DESCRIPTION (provided by applicant): This project will elucidate antidepressant-induced changes on signal transduction in sensory and affective brain circuitry mediating neuropathic pain. Neuropathic pain is a chronic condition characterized by both sensory deficits (mechanical and cold allodynia, thermal hyperalgesia) and mood disorders (anxiety and depression). Most drugs used to treat the pain-like symptoms of this disorder have low efficacy, carry major side-effects and in the case of opioids may lead to debilitating physical addiction. Thus, there is a pressing need for the development of more efficacious and better tolerated medications for treating chronic neuropathic pain. Tricyclic antidepressants and the selective, serotonin/norepinephrine reuptake inhibitors contain both antiallodynic and antidepressant properties. However, their chronic use is also accompanied by severe adverse effects. Understanding the cellular mechanisms mediating the actions of TCAs and SNRIs will facilitate the development of novel and more efficacious medications for the treatment of neuropathic pain. Preliminary findings from our laboratory indicate that RGS9-2, a potent regulator of striatal GPCR signaling amplitude and desensitization, plays a potent, modulatory role in the antiallodynic and antidepressant actions of TCAs. We will use genetic mouse models and gene transfer approaches to test our hypothesis that RGS9-2 in the NAc negatively regulates the actions of TCAs and SNRIs in neuropathic pain models. In addition, we will use biochemical and molecular biological approaches to test our hypotheses on both the critical RGS9-2 protein-protein interactions modulating the effects of TCA and SNRI and the long-term epigenetic changes downstream of RGS9-2 in response to TCA and SNRI treatment. Finally, we will characterize antidepressant-induced and RGS9-2 modulated global gene regulation using RNA-sequencing in models of neuropathic pain. Our findings will clarify the mechanism by which GPCR signaling machinery in NAc modulates the effects of antidepressant drugs on the sensory and affective symptoms of neuropathic pain.

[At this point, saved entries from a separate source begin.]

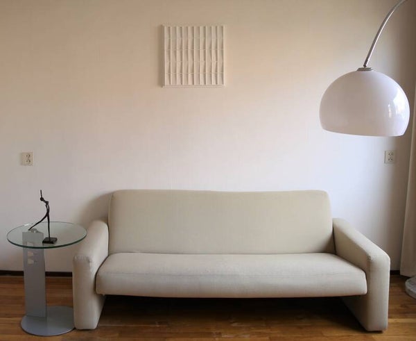 Minimalist modern art handmade in the style of Bauhaus and Jan Schoonhoven. Bright white contemporary. Own design.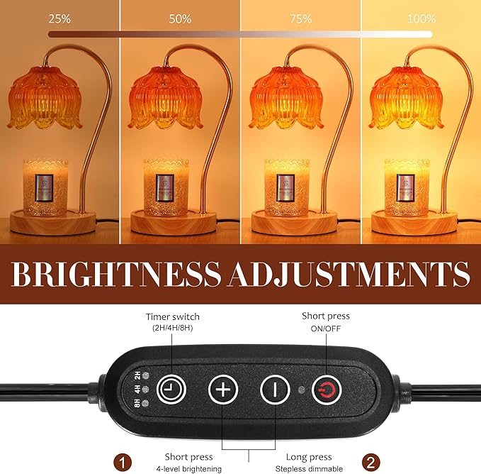- 【Smart Timer Function】The flower candle warmer lamp with Timer features three auto-shut-off options (2H/4H/8H), It maintains continuous scent diffusion throughout your sleep or daily activities, allowing you to enjoy uninterrupted fragrance without worrying about forgetting to "extinguish" the candle.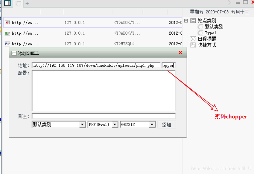 上传php文件,打开中国菜刀软件(网上直接搜下载就好了),添加php1.php的网页链接,输入密码。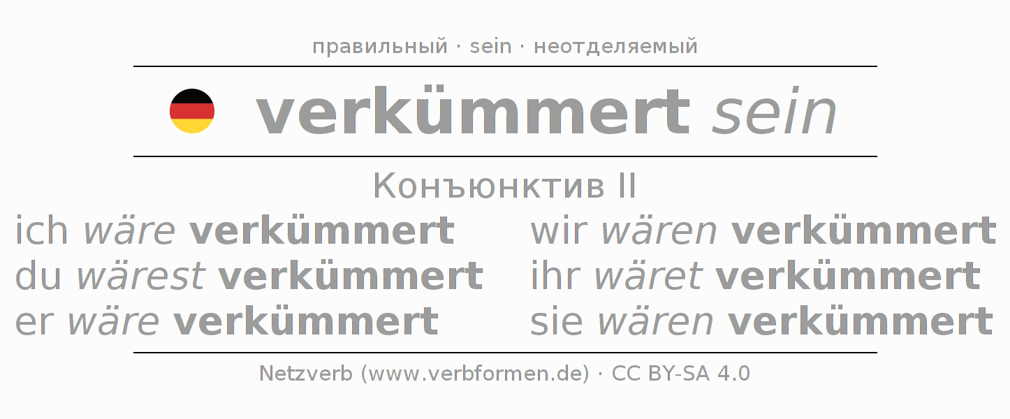 Спряжение verkümmern в Koнъюнктив Претеритум Сослагательное наклонение Пассив с sein: ich wäre verkümmert, du wärest verkümmert, er wäre verkümmert, wir wären verkümmert, ihr wäret verkümmert, sie wären verkümmert.Образование этих форм происходит по определённым грамматическим правилам. Так же спрягаются простые глагольные формы verkümmern в Конъюнктив II. Kомментарии ☆

描述（由申请人提供）：该项目将阐明抗抑郁药引起的感觉和情感脑回路信号转导的变化，介导神经性疼痛。神经性疼痛是一种慢性疾病，其特征是感觉缺陷（机械性和冷性异常性疼痛、热痛觉过敏）和情绪障碍（焦虑和抑郁）。大多数用于治疗这种疾病的疼痛样症状的药物疗效都很差，并且具有严重的副作用，对于阿片类药物来说，可能会导致身体成瘾。因此，迫切需要开发更有效且耐受性更好的药物来治疗慢性神经性疼痛。三环类抗抑郁药和选择性血清素/去甲肾上腺素再摄取抑制剂具有抗异常疼痛和抗抑郁特性。然而，长期使用它们也会伴随严重的副作用。了解介导 TCA 和 SNRI 作用的细胞机制将有助于开发用于治疗神经性疼痛的新型且更有效的药物。我们实验室的初步研究结果表明，RGS9-2 是纹状体的有效调节剂。 GPCR 信号振幅和脱敏在 TCA 的抗异常疼痛和抗抑郁作用中发挥有效的调节作用。我们将使用遗传小鼠模型和基因转移方法来检验我们的假设，即 NAc 中的 RGS9-2 负向调节神经病理性疼痛模型中 TCA 和 SNRI 的作用。此外，我们将使用生化和分子生物学方法来测试我们的假设，即关键的 RGS9-2 蛋白质-蛋白质相互作用调节 TCA 和 SNRI 的影响，以及 RGS9-2 下游响应 TCA 和 SNRI 的长期表观遗传变化。 SNRI治疗。最后，我们将在神经性疼痛模型中使用 RNA 测序来表征抗抑郁药诱导的和 RGS9-2 调节的全局基因调控。我们的研究结果将阐明 NAc 中的 GPCR 信号机制调节抗抑郁药物对神经性疼痛的感觉和情感症状的影响的机制。